→ Problem: Under this line are the records; write out word for word the part that begins at the line containing "Le flux dans" and ends at the line containing "GranataPet Våtfoder Delicatessen", and no more.
Data for processing: Begin
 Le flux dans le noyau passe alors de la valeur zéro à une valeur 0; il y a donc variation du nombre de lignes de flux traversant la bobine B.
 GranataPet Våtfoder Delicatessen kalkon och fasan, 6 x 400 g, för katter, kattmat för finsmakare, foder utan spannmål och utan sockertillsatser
Data for processing: End
Data for processing: Begin
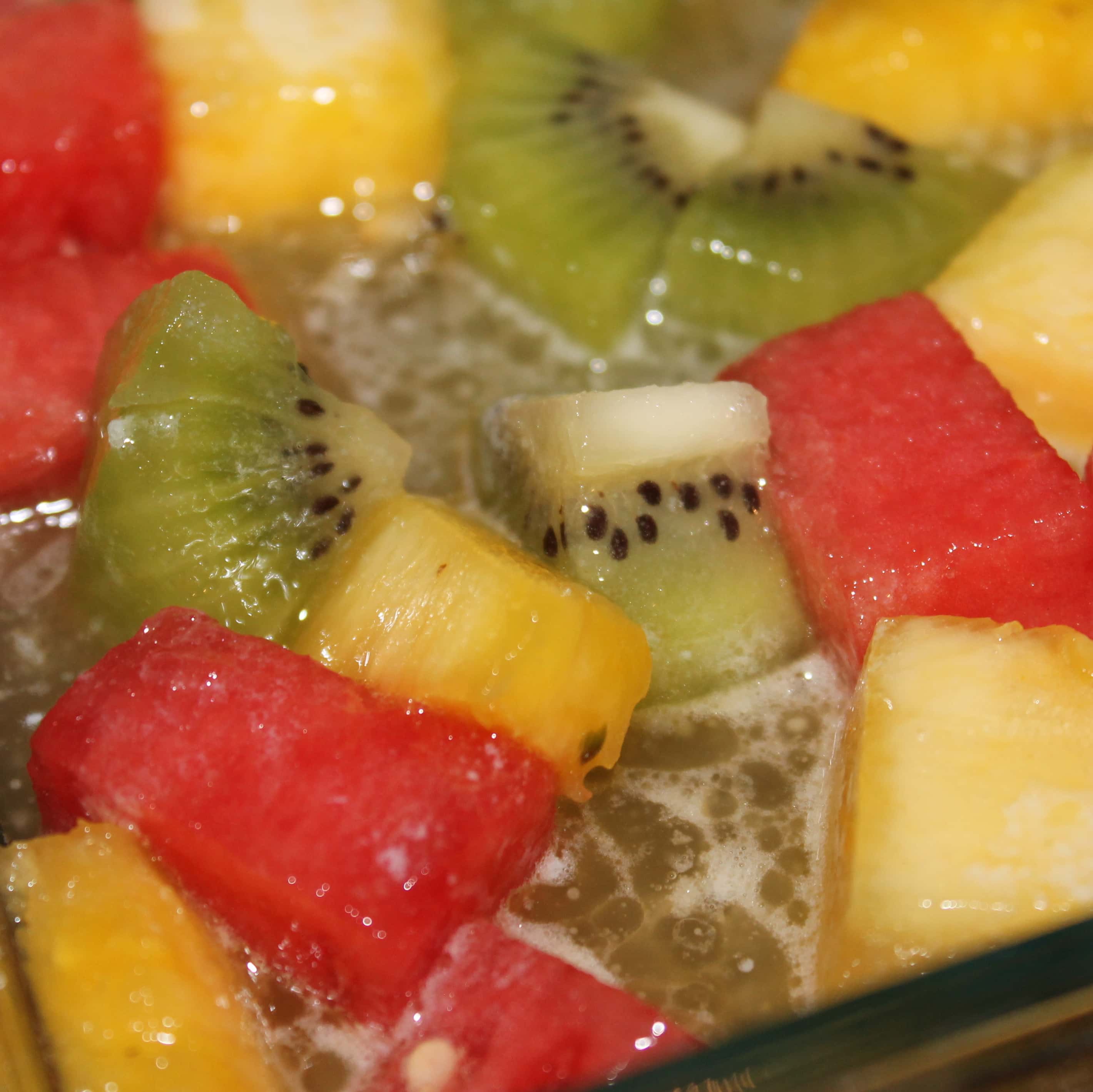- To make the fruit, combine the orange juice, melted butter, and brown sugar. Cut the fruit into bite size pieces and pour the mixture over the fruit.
Data for processing: End
→ Exercise output:
 Le flux dans le noyau passe alors de la valeur zéro à une valeur 0; il y a donc variation du nombre de lignes de flux traversant la bobine B.
 GranataPet Våtfoder Delicatessen kalkon och fasan, 6 x 400 g, för katter, kattmat för finsmakare, foder utan spannmål och utan sockertillsatser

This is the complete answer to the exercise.